Repeat only these lines, exactly: the first line of the data, the line containing "Vegan activists today", and every line between them. Pictures stay out.

-------- DATA UNDER STUDY

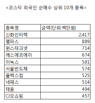 17일 코스닥 외국인 순매수 상위 10개 종목
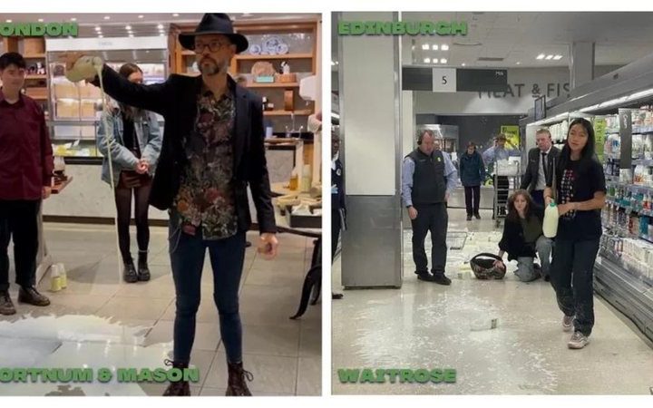 Vegan activists today (15) poured milk onto the floor and other food items in UK food shops to protest in...
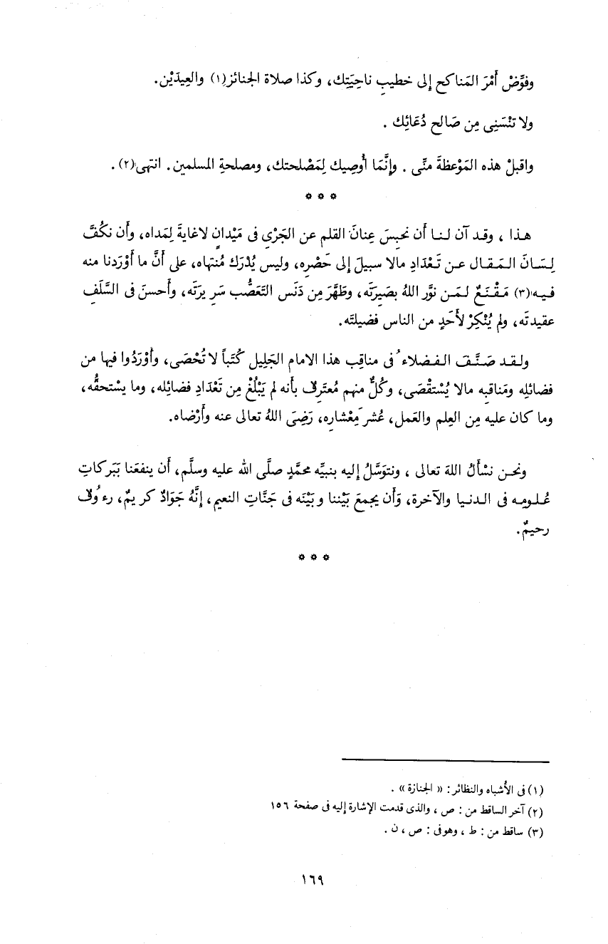 *** هذا، و قد آن لنا أن نحبس عنان القلم عن الجرى فى ميدان لا غاية لمداه، و أن نكفّ لسان المقال عن تعداد ما لا سبيل إلى حصره، و ليس يدرك منتهاه، على أنّ ما أوردنا منه فيه 3 مقنع لمن نوّر الله بصيرته، و طهّر من دنس التعصّب سريرته، و أحسن فى السّلف عقيدته، و لم ينكر لأحد من الناس فضيلته.
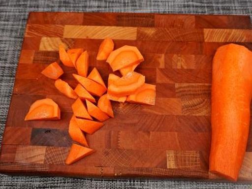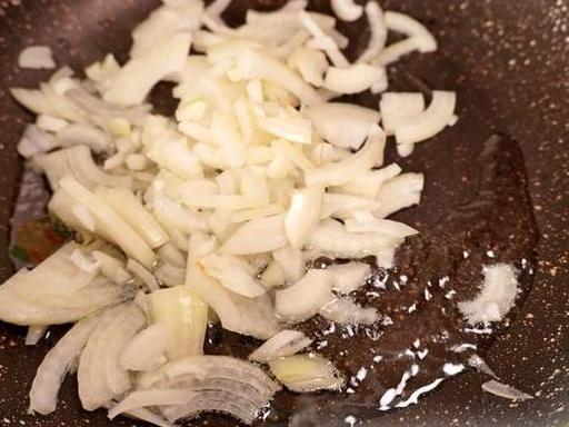 Peel the onion, slice it into quarter-rings, and place it in a preheated frying pan with vegetable oil. Sauté, stirring, for 3-4 minutes.
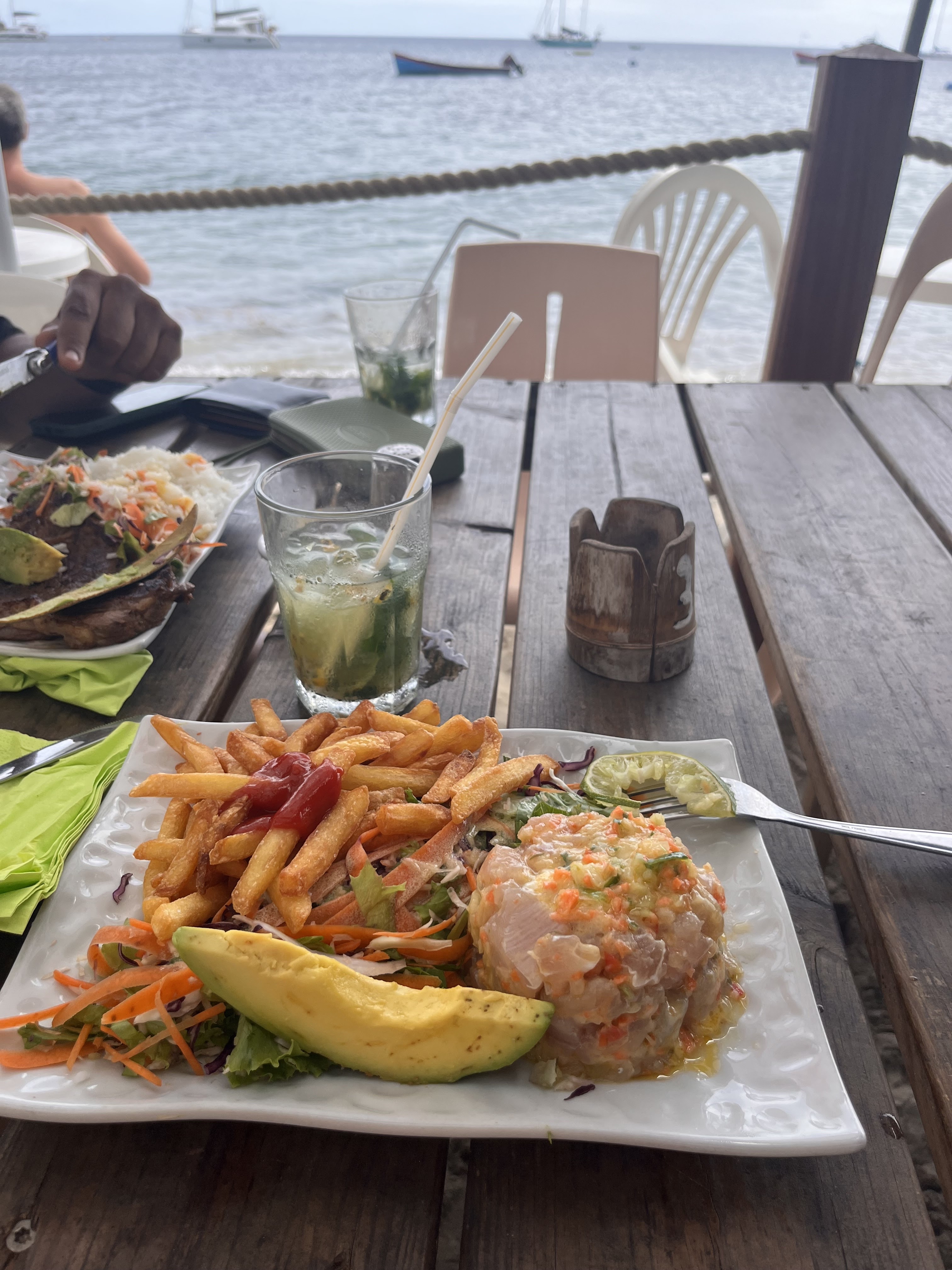 Balaous frits, riz safrané et pina colada très bon et bien servi. Serveur souriant, disponible et au fait de sa carte, nous avons pu déjeuner à 8 alors qu'il était assez tard. Un peu cher mais bon comme partout en Martinique notamment lorsqu'on est les pieds dans le sable sur une magnifique plage avec la mer juste à côté.
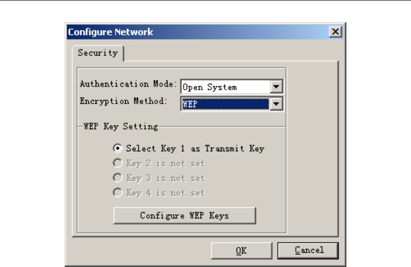 The Security screen (Figure 6-10) will appear. Choose the Authentication Mode and Encryption
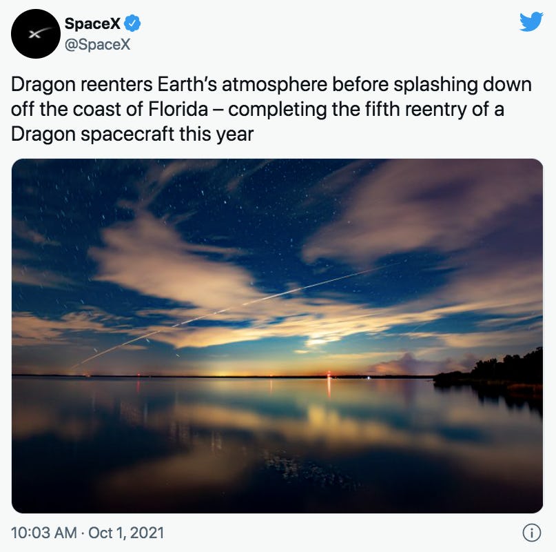 SpaceX successfully completed its 23rd cargo resupply mission to the International Space Station the morning of September 30, proudly sharing a photo of placid Florida waters after Cargo Dragon made an easy splash down on October 1.
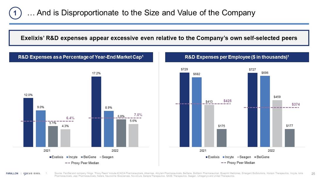 FARALLON | Exelixis ’ R&D Spend is Increasing as Peers are Showing Restraint… 24 1. Source: FactSet and Company filings. 2. Source: FactSet. Index data represents average of companies that have five years’ worth of data. 3. Source: Steven Aronowitz , Joachim Bleys , Edd Fleming, and Robert Hsiao, “Transforming biopharma R&D at scale,” McKinsey & Company, May 6, 2022. R&D Expenses as a Percentage of Revenue 1 48% 56% 56% 49% 47% 41% 2021 2022 2023E Exelixis Proxy Peers Annual R&D Expenses (Indexed to 100) 1,2 185 301 381 491 562 120 132 165 173 197 2018 2019 2020 2021 2022 2023E Exelixis Nasdaq Biotech Index 1 “[M]any companies are prioritizing R&D productivity improvement and pushing to get more out of every dollar invested in R&D.” 3 — McKinsey & Company

----------------

ANSWER:
 17일 코스닥 외국인 순매수 상위 10개 종목
 Vegan activists today (15) poured milk onto the floor and other food items in UK food shops to protest in...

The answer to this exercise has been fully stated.